An introduction to the KubeArmor project
2

An overview of the CRDs helping us define policies in our environment (kubearmorpolicy, kubearmorhostpolicy, and kubearmorclusterpolicy)
3

And how to extend our observability using KubeArmor.

# KubeArmor overview

Like other runtime agents, KubeArmor relies on eBPF to detect suspicious events in your cluster. Depending on your policy, it may also leverage Linux Security Modules (LSMs), such as AppArmor, SELinux, and LSM BPF, to secure your cluster.

KubeArmor will report observability by pushing process, file, network, or capabilities usage events if enabled.

# KubeArmor architecture

KubeArmor comprises various components, such as the daemonset, the operator, the controller, and the kubearmor-relay.

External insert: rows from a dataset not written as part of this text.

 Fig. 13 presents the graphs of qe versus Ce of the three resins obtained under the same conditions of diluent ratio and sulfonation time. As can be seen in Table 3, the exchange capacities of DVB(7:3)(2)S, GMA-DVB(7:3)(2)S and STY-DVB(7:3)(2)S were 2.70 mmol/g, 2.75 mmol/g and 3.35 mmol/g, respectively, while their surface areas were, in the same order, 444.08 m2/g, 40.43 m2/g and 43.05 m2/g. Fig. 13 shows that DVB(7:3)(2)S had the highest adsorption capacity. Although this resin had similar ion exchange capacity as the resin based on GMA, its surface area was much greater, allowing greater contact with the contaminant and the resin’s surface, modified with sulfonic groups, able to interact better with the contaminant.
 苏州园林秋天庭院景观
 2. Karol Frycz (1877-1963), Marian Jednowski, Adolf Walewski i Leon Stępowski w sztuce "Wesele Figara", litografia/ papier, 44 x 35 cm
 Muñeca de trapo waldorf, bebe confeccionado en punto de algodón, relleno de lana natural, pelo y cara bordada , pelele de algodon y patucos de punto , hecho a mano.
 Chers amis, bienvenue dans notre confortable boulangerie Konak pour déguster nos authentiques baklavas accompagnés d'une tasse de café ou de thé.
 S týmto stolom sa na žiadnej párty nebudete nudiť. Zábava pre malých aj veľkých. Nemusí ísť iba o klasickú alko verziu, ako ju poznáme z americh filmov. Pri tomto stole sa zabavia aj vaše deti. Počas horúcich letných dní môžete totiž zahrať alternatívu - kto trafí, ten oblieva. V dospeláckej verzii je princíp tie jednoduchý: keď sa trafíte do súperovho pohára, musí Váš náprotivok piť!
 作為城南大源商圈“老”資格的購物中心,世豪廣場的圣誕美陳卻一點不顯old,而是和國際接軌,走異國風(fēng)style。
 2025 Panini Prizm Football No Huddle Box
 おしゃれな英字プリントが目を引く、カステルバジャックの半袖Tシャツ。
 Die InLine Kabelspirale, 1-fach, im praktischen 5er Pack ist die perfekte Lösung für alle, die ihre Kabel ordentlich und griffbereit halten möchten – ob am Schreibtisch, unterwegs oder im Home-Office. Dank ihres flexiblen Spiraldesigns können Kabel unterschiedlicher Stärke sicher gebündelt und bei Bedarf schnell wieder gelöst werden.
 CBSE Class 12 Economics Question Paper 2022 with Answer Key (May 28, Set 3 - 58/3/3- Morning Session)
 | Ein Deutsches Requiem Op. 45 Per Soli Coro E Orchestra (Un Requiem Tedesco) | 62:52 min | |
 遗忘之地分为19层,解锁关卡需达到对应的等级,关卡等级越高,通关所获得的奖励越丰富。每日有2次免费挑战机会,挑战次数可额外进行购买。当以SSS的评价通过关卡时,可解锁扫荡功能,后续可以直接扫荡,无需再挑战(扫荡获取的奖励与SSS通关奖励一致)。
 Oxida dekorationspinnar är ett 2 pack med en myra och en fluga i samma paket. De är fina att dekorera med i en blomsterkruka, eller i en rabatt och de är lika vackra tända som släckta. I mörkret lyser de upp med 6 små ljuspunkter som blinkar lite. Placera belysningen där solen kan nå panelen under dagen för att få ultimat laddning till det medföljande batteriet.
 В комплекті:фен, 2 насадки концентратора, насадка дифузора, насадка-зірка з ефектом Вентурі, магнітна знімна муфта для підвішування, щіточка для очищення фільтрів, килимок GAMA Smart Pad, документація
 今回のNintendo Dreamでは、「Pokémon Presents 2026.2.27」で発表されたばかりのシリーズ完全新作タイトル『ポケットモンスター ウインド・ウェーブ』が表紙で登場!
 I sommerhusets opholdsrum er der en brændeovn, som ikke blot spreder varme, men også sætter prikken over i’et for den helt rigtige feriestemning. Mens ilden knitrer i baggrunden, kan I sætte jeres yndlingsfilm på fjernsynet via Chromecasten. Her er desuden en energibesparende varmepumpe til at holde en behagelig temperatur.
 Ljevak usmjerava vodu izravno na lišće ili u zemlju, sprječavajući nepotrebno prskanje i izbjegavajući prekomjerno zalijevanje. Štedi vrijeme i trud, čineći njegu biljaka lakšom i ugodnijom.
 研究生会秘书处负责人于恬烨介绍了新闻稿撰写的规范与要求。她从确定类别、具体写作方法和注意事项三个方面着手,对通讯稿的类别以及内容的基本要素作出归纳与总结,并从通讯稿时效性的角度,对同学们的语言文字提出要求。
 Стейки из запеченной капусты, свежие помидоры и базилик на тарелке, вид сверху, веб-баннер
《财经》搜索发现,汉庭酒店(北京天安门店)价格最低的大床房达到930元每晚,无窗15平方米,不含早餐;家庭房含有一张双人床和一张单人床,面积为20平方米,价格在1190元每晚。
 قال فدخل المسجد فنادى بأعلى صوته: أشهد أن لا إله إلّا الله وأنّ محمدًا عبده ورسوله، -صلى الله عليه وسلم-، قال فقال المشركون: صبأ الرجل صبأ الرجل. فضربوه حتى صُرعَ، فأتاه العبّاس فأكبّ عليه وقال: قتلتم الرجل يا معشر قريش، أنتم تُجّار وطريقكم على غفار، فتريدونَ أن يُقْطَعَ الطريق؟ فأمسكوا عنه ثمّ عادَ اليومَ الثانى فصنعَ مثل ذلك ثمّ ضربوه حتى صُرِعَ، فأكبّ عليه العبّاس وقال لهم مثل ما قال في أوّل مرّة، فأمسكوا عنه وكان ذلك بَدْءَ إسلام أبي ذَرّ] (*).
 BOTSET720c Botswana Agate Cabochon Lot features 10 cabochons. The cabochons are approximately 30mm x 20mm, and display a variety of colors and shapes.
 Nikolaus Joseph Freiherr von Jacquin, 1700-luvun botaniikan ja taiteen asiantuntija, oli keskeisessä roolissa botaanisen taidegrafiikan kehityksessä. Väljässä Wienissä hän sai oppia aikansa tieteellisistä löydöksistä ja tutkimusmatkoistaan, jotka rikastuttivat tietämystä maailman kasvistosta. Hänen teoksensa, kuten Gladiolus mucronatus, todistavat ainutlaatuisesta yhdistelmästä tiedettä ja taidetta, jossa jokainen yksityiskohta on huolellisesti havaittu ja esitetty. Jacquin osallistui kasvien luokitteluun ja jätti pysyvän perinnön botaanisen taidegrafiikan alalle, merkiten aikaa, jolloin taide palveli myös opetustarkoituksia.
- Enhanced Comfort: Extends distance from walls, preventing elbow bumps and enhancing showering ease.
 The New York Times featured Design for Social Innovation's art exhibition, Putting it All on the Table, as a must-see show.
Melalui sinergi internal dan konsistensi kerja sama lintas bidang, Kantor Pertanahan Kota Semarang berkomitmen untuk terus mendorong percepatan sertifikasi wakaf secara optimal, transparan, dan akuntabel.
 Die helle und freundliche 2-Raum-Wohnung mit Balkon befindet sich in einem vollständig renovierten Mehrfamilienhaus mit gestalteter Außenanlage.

When you deploy KubeArmor, you’ll have the core component that all security agents rely on, the daemonset, which will deploy the BPF probe. This is the most critical component because the person responsible for reporting the events is responsible for applying the proper enforcement.

Then, you’ll have one of KubeArmor's essential elements: the operator. A Kubernetes deployment allows you to turn the KubeArmor events on or off based on annotations and configure our policies. The policies are configured with a new CRD introduced by KubeArmor: kubearmorpolicy.

The actual controller deployment spreads the configuration to the BPF probes running in our cluster.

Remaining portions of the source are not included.